For colds, sore throat, cough, bronchitis and flu various herbal preparations are the best help. Teas and herbal tinctures facilitate and help to restore the body to its normal, healthy state. Antiparasitic program tincture and tincture of mullein, thyme, plantain, lungwort have greatly easing and alleviating results from accumulation of mucus in the bronchi and help in acute and chronic cough. Antiparasitic program helps with respiratory tract infections while mullein is best natural remedy for inflammation of the airways, hoarseness, cough, catarrh of the bronchi, bronchitis. Thyme calms cough, has a strong disinfecting property when it comes to excessive mucus. Plantain is an excellent for cough and lung and bronchial diseases and lungwort in acute and chronic inflammation of the bronchi, emphysema, inflammation of the trachea and throat, wheezing, all Cathars airways and cough with thick sputum. Recommendations regarding teas are black teas that thins the mucus, alleviating cough, helps with asthma, bronchitis, cough, throat infection, pulmonary emphysema, Iceland moss used in the treatment of colds and inflammations: chest pain, pulmonary convulsive coughing and catarrh, because it cleanses and strengthens the lungs. Beneficial effects on the respiratory system have mint and lungwort tea.

Nutrition

For problems with bronchitis you should also turn towards foods that strengthen your immune system.

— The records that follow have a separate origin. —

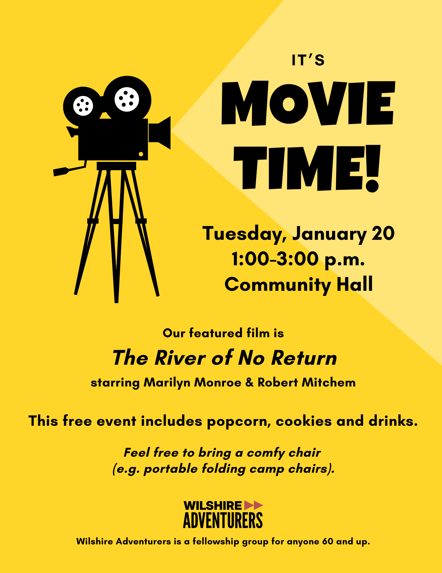 The Wilshire Adventurers will enjoy an afternoon movie on Tuesday, Jan. 20, from 1 to 3 p.m. in Community Hall. This free event includes popcorn, cookies, drinks and a screening of The River of No Return, starring Marilyn Monroe and Robert Mitchum.
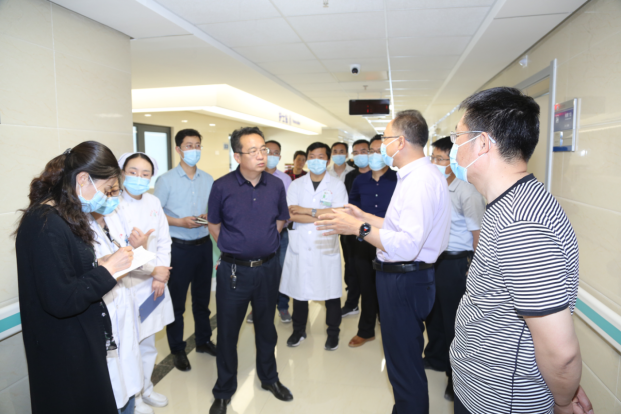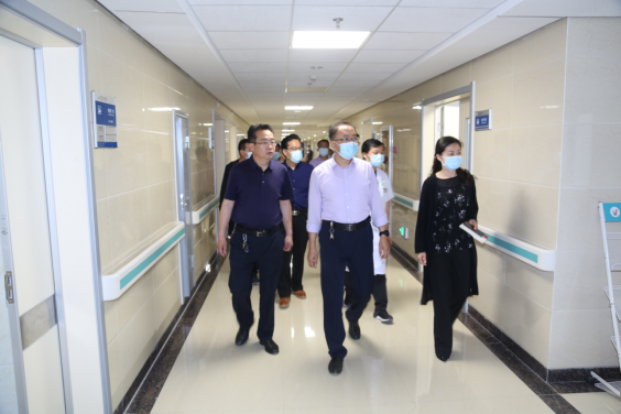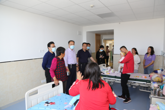 5月22日早,院长马枭今、副院长刘朝曦、王雄、袁海军、党总支副书记姬向兵、工会主席冯勇,党政办、医务部及相关职能科室负责人一行到新院区查看儿科运行情况。
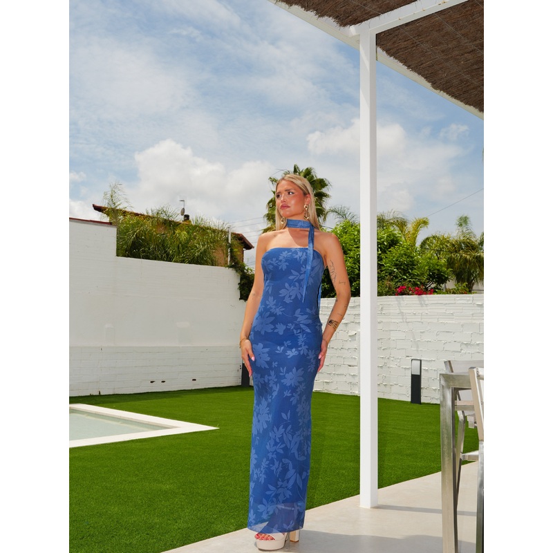 Vestido choker tulle estampado azul U (34-38)
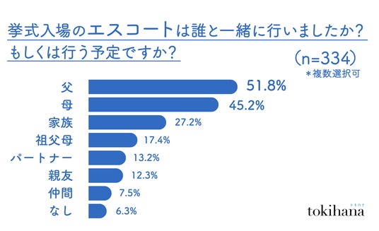 従来の伝統的なスタイルである「父親と歩く」挙式入場を行っているのは、51.8%。代わりに母親や、家族と入場する新たなスタイルの選択肢がみられ、家族との結びつきを重視する傾向が強まっています。
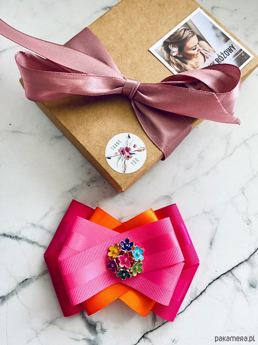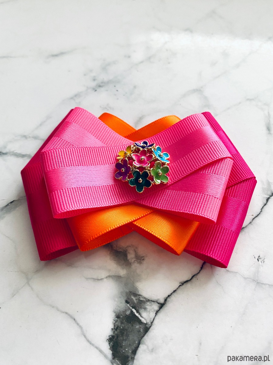 Broszka wykonana z wysokiej jakości taśm i dodatków.
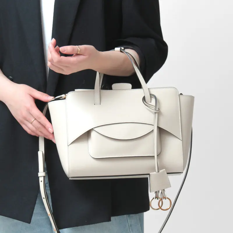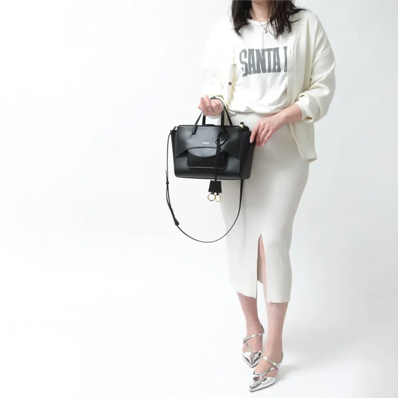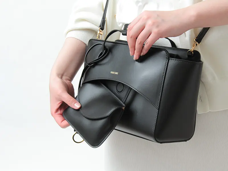 女性らしさを引き立てる華奢なレザーのハンドルは、平手デザインで手に優しくフィット。手持ちはもちろん、手首に通しても程よい長さで、使いやすい設計になっています。
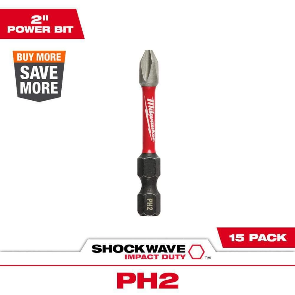 - Includes: (15) SHOCKWAVE 2″ PH2 IMPACT BIT
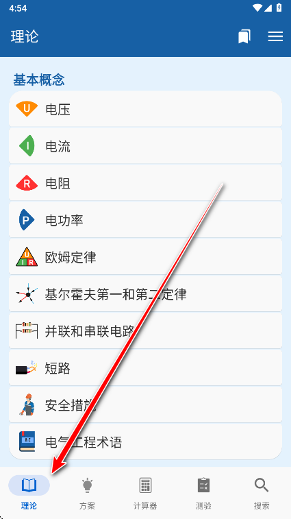 1.打开电工手册,可以看到第一个板块是理论,大家可以自由点击查看。
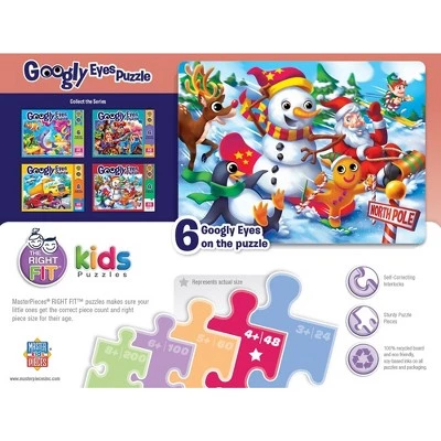This Googly Eyes Christmas puzzle is a great way to have even more fun with puzzles! Each puzzle comes with 8 pre-mounted, factory-secured wiggly and googly eyes, kids are sure to be entertained for hours! This puzzle is 48 pieces and 19 inches x 14 inches in size. Look for The Right Fit® puzzles collection and make sure your little one gets the correct piece count and size for a good challenge for their age. This puzzle is the right fit for ages 4+.
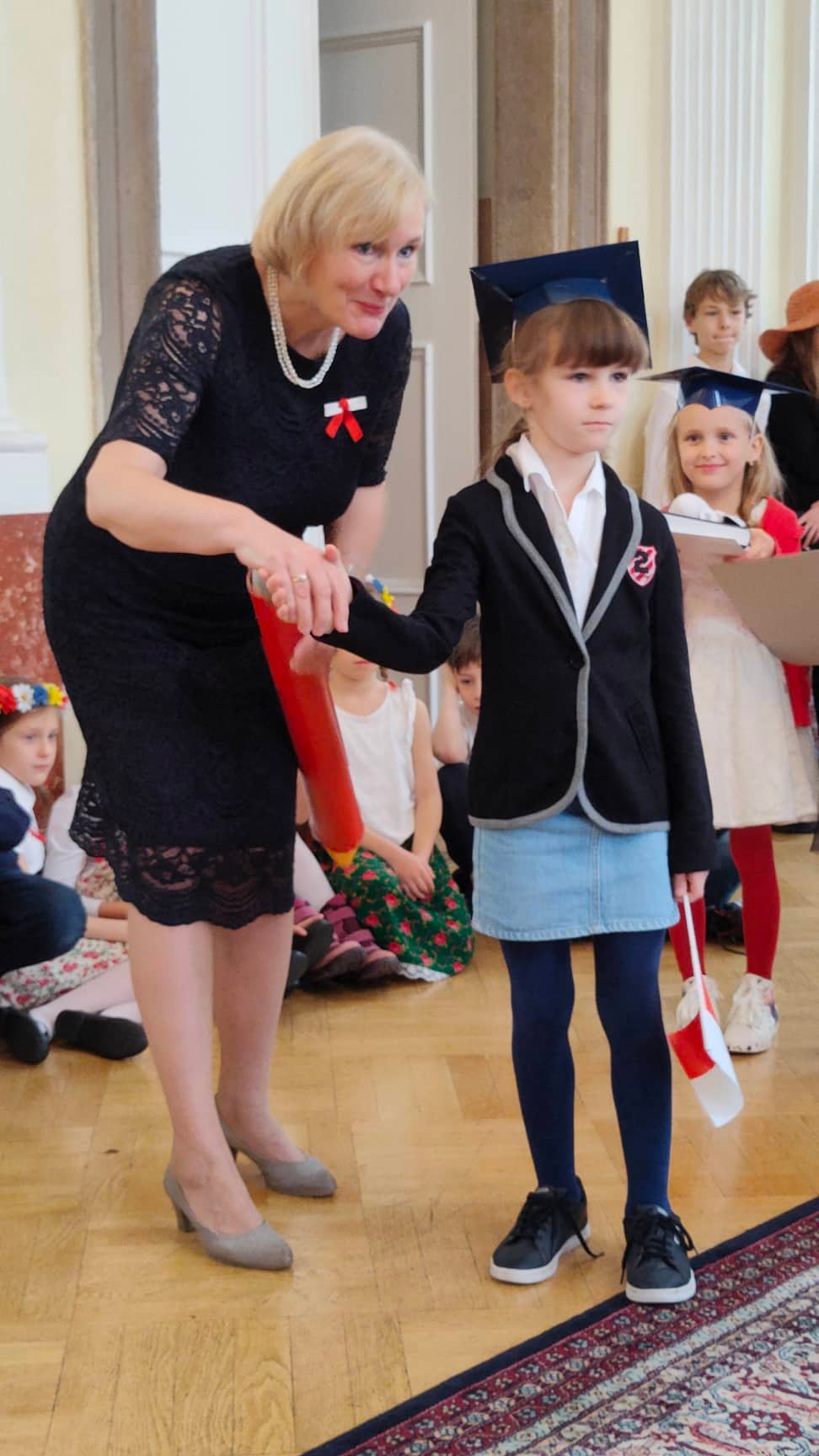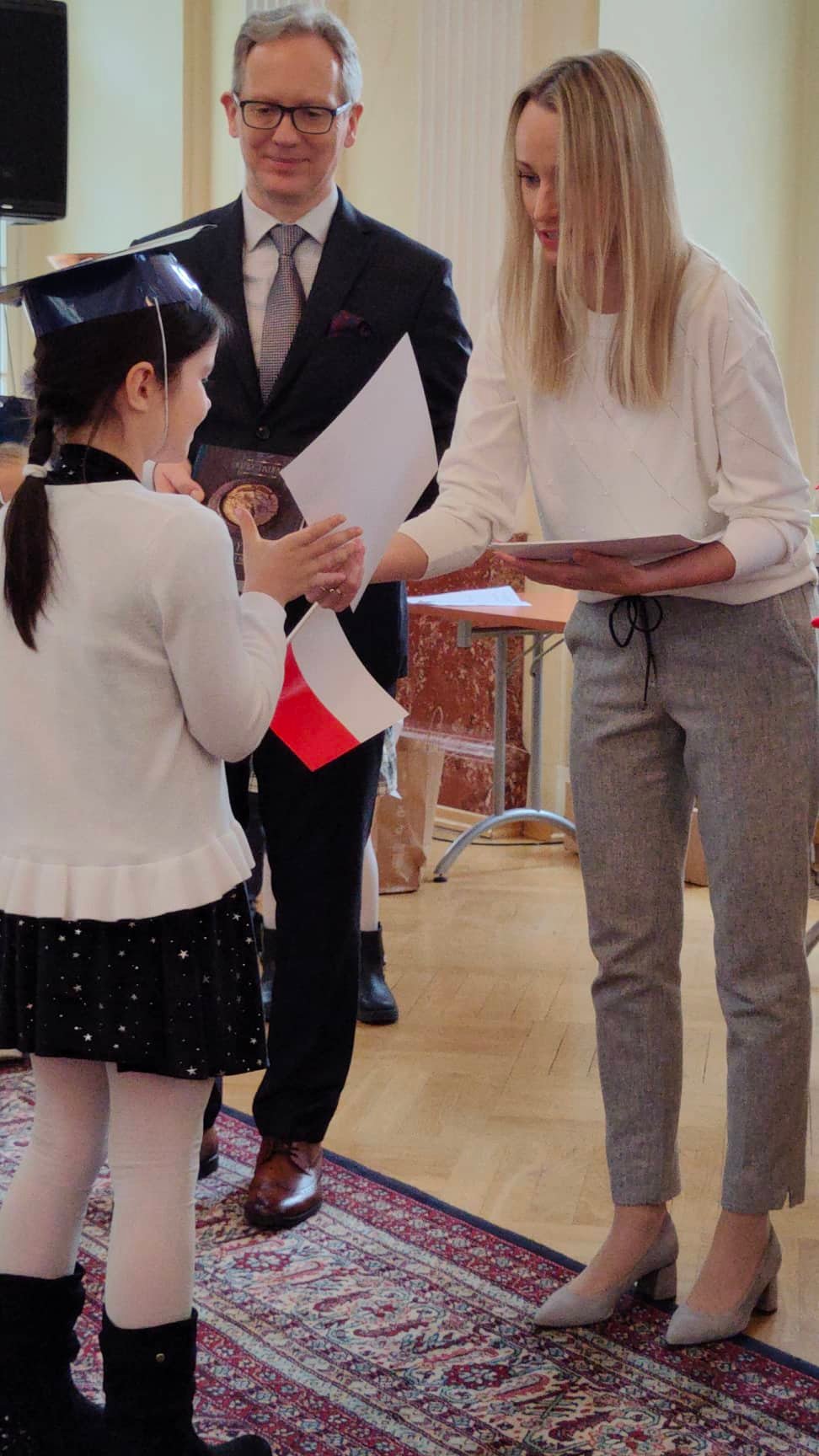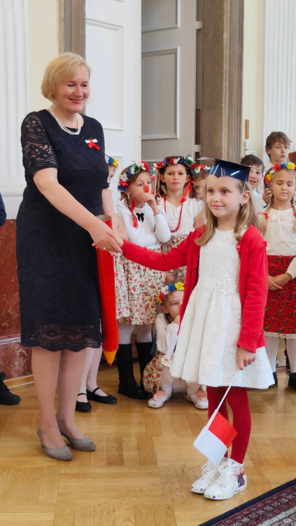 Po pięknym przedstawieniu, które z uczniami przygotowała wychowawczyni klasy pierwszej, pani Ewelina Fialova, odbyło się uroczyste pasowanie na ucznia szkoły. Ogłoszono zwycięzców szkolnych konkursów i rozdano nagrody. Szczególnym momentem było symboliczne wręczenie polskiego obywatelstwa czesko-polskiej rodzinie, przez Konsula RP w Pradze pana Artura Łukiańczuka.

Some recommended vitamins A, B, C and E and the minerals zinc and selenium. Consume fish, broccoli, olive oil, cinnamon, ginger, green tea, cabbage, honey, red and white onions, apples, paprika, turmeric and coconut. It is also recommended avoiding foods that stimulate mucus like milk, refined starch and processed foods. Studies have found that increased consumption of fruits and vegetables reduces the risk of developing chronic bronchitis.

Eat hot peppers and chillies and dishes seasoned with hot peppers as hot food that thins mucus in the lungs, making it easier to cough up.

Drink plenty of water, at least eight large glasses per day, because that way dilute the mucus and facilitates its expectoration.